A simbologia mais importante da obra surge no momento em que Chandan percebe que renunciar aos estudos é aceitar o lugar de mão de obra barata na estrutura do mercado, mas, ainda assim, é a única opção humana. Ou ver sua família em trabalhos mais que precários, enquanto sua casa definha para que ele possa concluir a graduação, seria uma escolha humana? Certamente não, quando o sofrimento de todos ao seu redor é tão explícito, tão recorrente.

Shoaib, por sua vez, é um jovem trabalhador que, assim como o amigo, vê no cargo público uma oportunidade de dar uma vida digna à família. Ao ver o pai sofrer com uma lesão no joelho que promete ser permanente, ele percebe que não há forma de vencer — mas decide lutar até as últimas consequências.

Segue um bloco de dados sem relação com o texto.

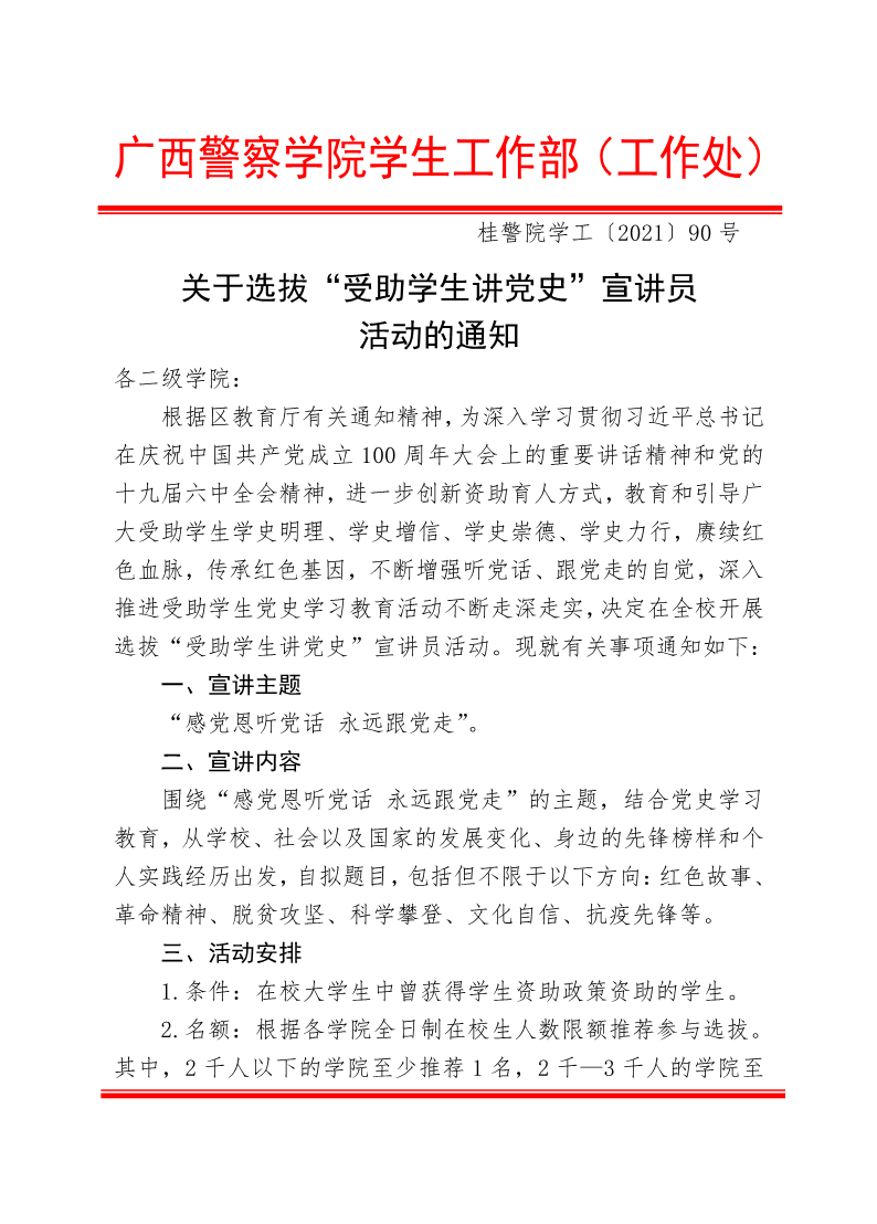 关于选拔“受助学生讲党史”宣讲员活动的通知
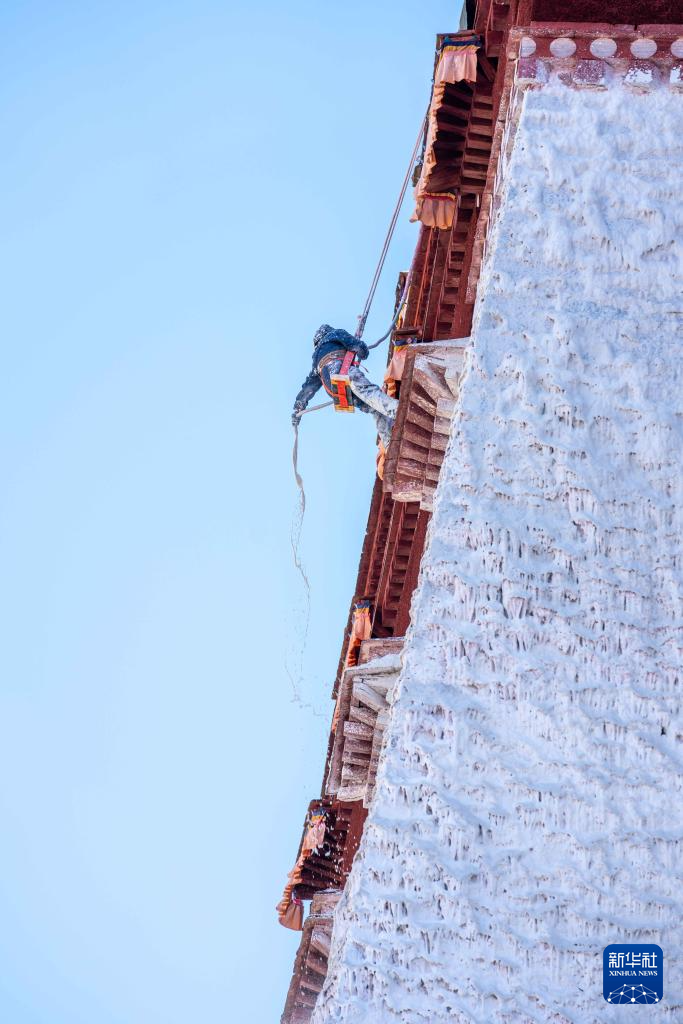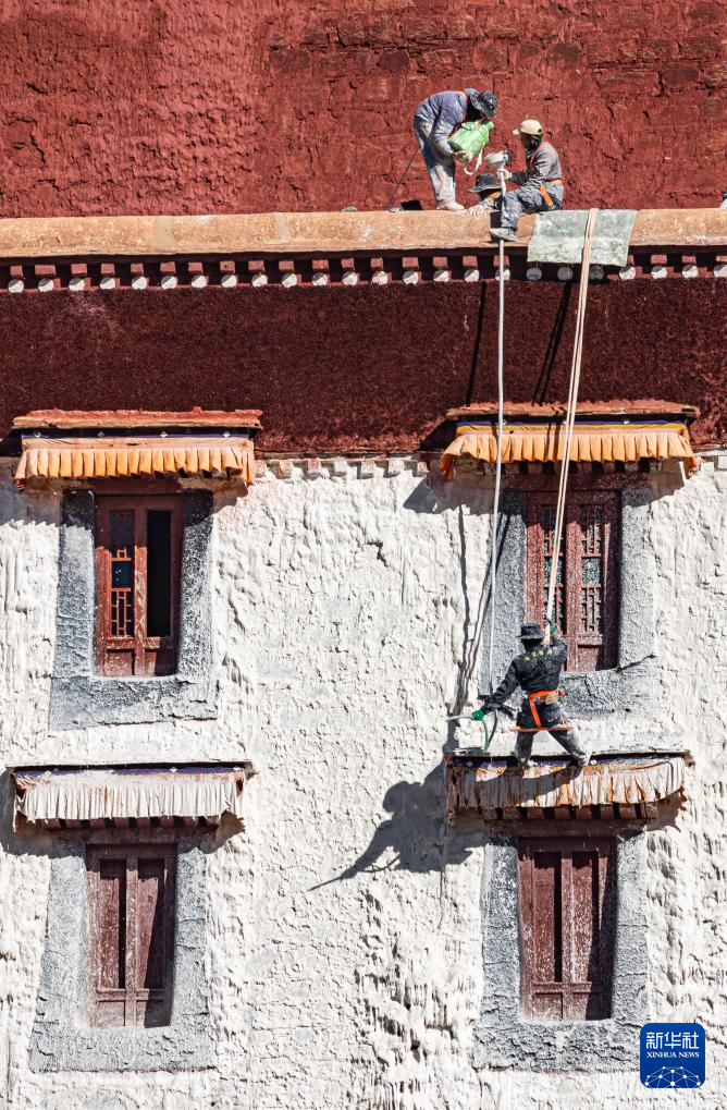 10月28日,布達(dá)拉宮管理處的工作人員在噴灑涂料。新華社記者 旦增尼瑪曲珠 攝
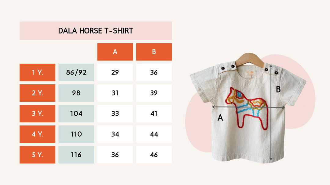 Dala T-shirt är ett löst sittande plagg med kokosknappar. Öppningen på axlarna gör barnet mer bekvämt när det klär ut sig.
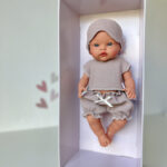 Классическая кукла ростом 36 см. Кукла не имеет половых признаков и полностью выполнена из винила высокого качества.Детально проработаны складочки на теле, пальчики с ногтевыми пластинами, полусогнутые ножки. Цвет винила приближен к натуральному оттенку кожи. Куклу можно купать.У куклы прорисованные волосы, глаза без ресничек, аккуратный носик, приоткрытый рот и пухлые щёчки. Размер и вес куклы удобны для детских рук.Одежда сшита из качественных материалов испанскими дизайнерами.

Todo o seu talento para vendas e o seu trato com as pessoas são subvalorizados em função de sua origem étnica e religiosa. Não é que lhe falte algo, mas que não há lugar ao sol para todos. Essa ideia de escassez, ainda que irracional, está incrustada na mente de um povo que não a enfrenta, mas se organiza conforme essa lógica — para manter os poucos privilégios que possui, para ter alguém a subjugar, para mandar sentar ao chão e comer com as mãos.

Na economia de mercado, é essencial que existam classes distintas de pessoas. Esse mecanismo garante mão de obra em tempos de crise e condiciona a classe trabalhadora a acreditar na promessa de ascensão. Numa Índia dividida em castas, esse processo é ainda mais fácil, pois se apropria de uma hierarquia pré-existente.

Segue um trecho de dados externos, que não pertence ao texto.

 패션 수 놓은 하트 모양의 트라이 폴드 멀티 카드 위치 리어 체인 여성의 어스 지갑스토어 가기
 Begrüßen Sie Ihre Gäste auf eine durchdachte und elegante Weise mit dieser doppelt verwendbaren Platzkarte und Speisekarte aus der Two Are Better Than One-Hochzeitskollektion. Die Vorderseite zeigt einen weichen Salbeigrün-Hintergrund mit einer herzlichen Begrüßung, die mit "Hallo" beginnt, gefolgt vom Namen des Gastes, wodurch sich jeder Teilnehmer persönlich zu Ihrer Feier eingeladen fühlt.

Neste sentido, há uma cena bastante impactante em que um guarda permanece em seu posto numa fábrica fechada em decorrência dos lockdowns durante a pandemia de COVID-19. Quando perguntado por que seguia ali, responde que, se saísse, seria substituído por outro.

Essa mensagem, tão bem ilustrada, é o grande acerto de Ghaywan. A montagem, linear e previsível, é estrategicamente clara para que a mensagem não se perca — para que o espectador não se deixe levar por subtextos mais profundos em prejuízo do argumento central.

Embora seja interessante ver um centro urbano indiano vazio durante a quarentena, a fotografia realista não chega a ser memorável. A opção de Ghaywan por um registro quase documental é válida, mas, em termos estritamente visuais e estilísticos, as imagens ficam aquém da potência da mensagem. Alguns simbolismos — como os pés rachados da mãe de Chandan — parecem incorporados mais para preencher o filme do que por sua real necessidade narrativa.

É verdade, também, que o roteiro tem alguns problemas. Muitas atitudes são incompreensíveis, mesmo considerando a barreira cultural. Uma decisão particularmente tola, já muito próxima ao fim, é tomada apenas para justificar a última grande virada da história.

Assim é Homebound: uma mensagem essencial em um envelope imperfeito. Há, sem dúvida, a gana artística de um realizador em sustentar uma crítica, mas faltam os detalhes — algum refinamento estilístico capaz de potencializar o peso argumentativo.